Israel adjourns Gaza blockade talks

Israel's security cabinet met today to consider easing a Gaza blockade but adjourned without taking any decisions.

Israel's security cabinet met today to consider easing a Gaza blockade but adjourned without taking any decisions.

The cabinet will reconvene tomorrow to continue discussions on expanding a list of about 100 goods Israel permits through overland crossings into the Gaza Strip, a senior government official said.

Israel's internal security chief, Yuval Diskin, voiced opposition in a briefing to a parliamentary committee on Tuesday to any lifting of Israel's naval blockade of the territory, home to 1.5 million Palestinians and run by Hamas Islamists.

Israel faces international calls to ease or lift its Gaza embargo following the killing by Israeli commandos of nine pro-Palestinian Turkish activists during the interception at sea of an an aid convoy on May 31.

Israeli leaders said the troops acted in self-defense after being swarmed by activists who attacked them, and that the blockade is necessary to prevent arms smuggling to Hamas.

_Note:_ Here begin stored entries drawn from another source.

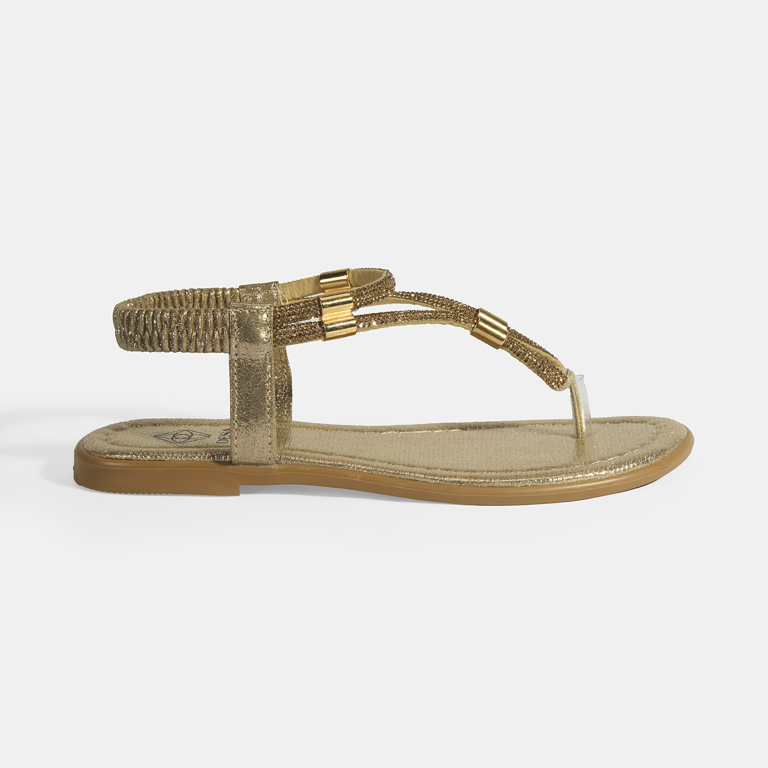 Kadın Gold Taşlı Lastik Bantlı Parmak Arası Sandalet
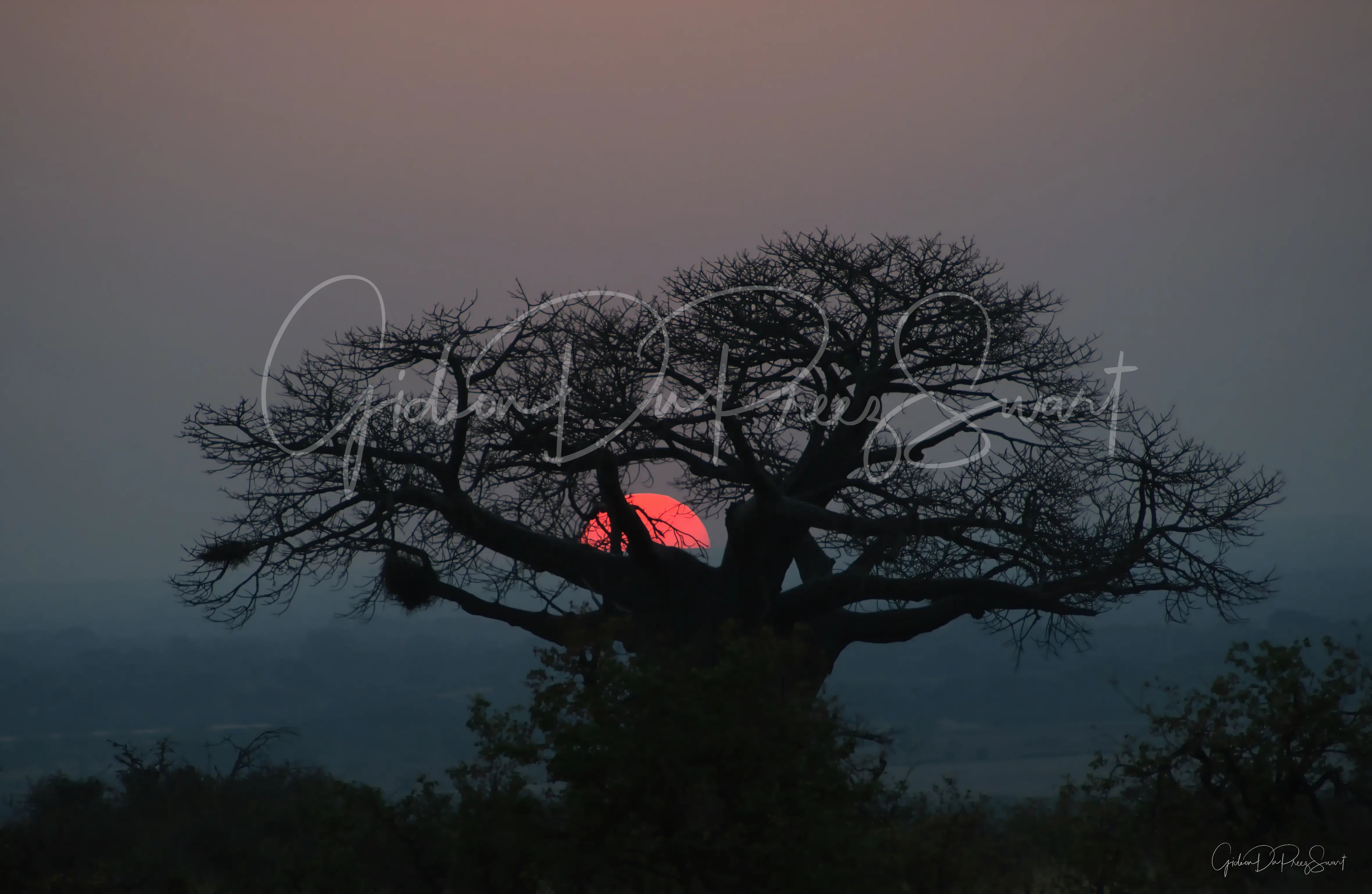 Sunset behind a Baobab on Kubu Island. Botswana.
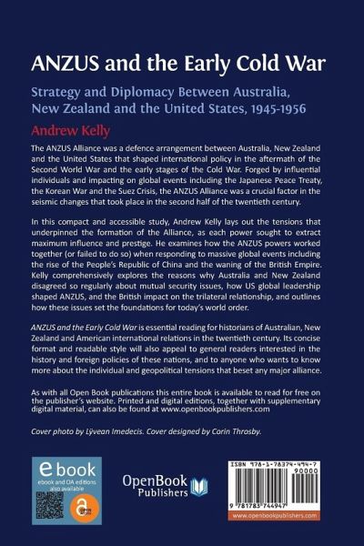 The ANZUS Alliance was a defence arrangement between Australia, New Zealand and the United States that shaped international policy in the aftermath of the Second World War and the early stages of the Cold War. Forged by influential individuals and impacting on global events including the Japanese Peace Treaty, the Korean War and the Suez Crisis, the ANZUS Alliance was a crucial factor in the seismic changes that took place in the second half of the twentieth century. In this compact and accessible study Andrew Kelly lays out the tensions that underpinned the formation of the Alliance, as each power sought to extract maximum influence and prestige, and examines how the ANZUS powers worked together (or failed to do so) when responding to massive global events including the rise of the People's Republic of China and the waning of the British Empire. Kelly comprehensively explores the reasons why Australia and New Zealand disagreed so regularly about mutual security issues, how US global leadership shaped ANZUS, and the British impact on the trilateral relationship, and outlines how these issues set the foundations for today's world order. ANZUS and the Early Cold War is essential reading for historians of Australian, New Zealand and American international relations in the twentieth century. Its concise format and readable style will also appeal to general readers interested in the history and foreign policies of these nations, and to anyone who wants to know more about the individual and geopolitical tensions that beset any major alliance.
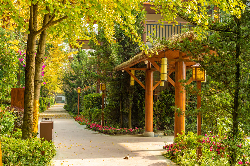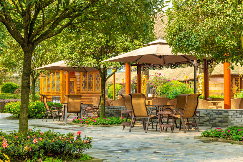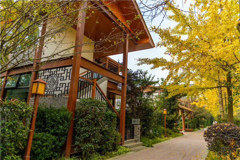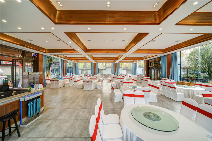 酒店坐落于成都市郫都區田園生態衛星城,與川菜博物館咫尺相鄰,占地約20萬平方,是一家以中式園林建筑風格設計建造的大型綜合體度假酒店。青磚、白墻、黛瓦組成的建筑高低錯落,每個角落古香古色,真正體現出中國古建筑的一路一變化,一角一風景。酒店設有貴賓樓、別墅區、中餐區、宴會區、火鍋區、柴火雞區、室內燒烤區、戶外燒烤區、兒童游樂區、團建區、茶園涼亭區、酒吧區、休閑區、湖景區等建筑,經營項目及住宿、中餐、商務宴請、宴席、會議、團建、特色火鍋、養生湯鍋、戶外自助燒烤、室內烤全羊、室內柴火雞、生態湖釣魚等為一體。讓您在商務洽談、個人宴請、企業會議、休閑娛樂、家庭度假等有一種不同的意境體驗!建筑環繞園林內約33000平方生態湖的周圍,所有建筑掩映林間,形成多樣的假山、石雕、漏窗、影壁點綴期中,整體風格樸素高雅。在這里不僅可以領略傳統建筑的藝術之美,更讓人有一種歸返林山的意境。正如古代詩人陶淵明在《歸園田居》中所描述的那樣:戶庭無塵雜,虛室有余閑。久在樊籠里,復得反自然。

Israel imposed the blockade soon after Hamas, which has rejected Western calls to recognize its right to exist, won a Palestinian legislative election in 2006. Restrictions were tightened after Hamas seized power in Gaza the following year.

Under a plan drawn up in co-ordination with Middle East envoy Tony Blair, Israel could move from a policy of banning the entry of many commercial goods into Gaza, except a few designated items, to accepting all products and prohibiting only those proscribed on a list, diplomats said.

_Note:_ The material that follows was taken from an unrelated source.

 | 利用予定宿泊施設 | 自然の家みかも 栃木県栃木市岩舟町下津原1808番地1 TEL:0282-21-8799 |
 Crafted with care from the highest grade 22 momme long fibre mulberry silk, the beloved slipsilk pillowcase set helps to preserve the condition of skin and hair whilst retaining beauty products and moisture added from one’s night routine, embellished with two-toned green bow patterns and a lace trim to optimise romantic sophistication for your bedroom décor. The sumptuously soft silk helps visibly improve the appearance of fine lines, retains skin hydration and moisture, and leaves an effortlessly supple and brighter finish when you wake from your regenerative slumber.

Mr Blair represents the Quartet of international powers - the United States, European Union, United Nations and Russia - seeking Middle East peace. He held talks last week with Prime Minister Benjamin Netanyahu.

The former British leader said on Monday Israel had agreed in principle to easing the blockade "in days."

Israeli cabinet minister Isaac Herzog, who has called for the lifting of the blockade, said on Army Radio today the measure was "outdated and no longer applicable in the current international and diplomatic climate."

A network of smuggling tunnels under the Gaza Strip's border with Egypt keeps the enclave supplied with a variety of commercial goods. Hamas maintains its own tunnels, which Israel says are also used for weapons smuggling.

Humanitarian aid shipments are transferred regularly via border crossings with Israel, but international aid groups say more supplies are needed.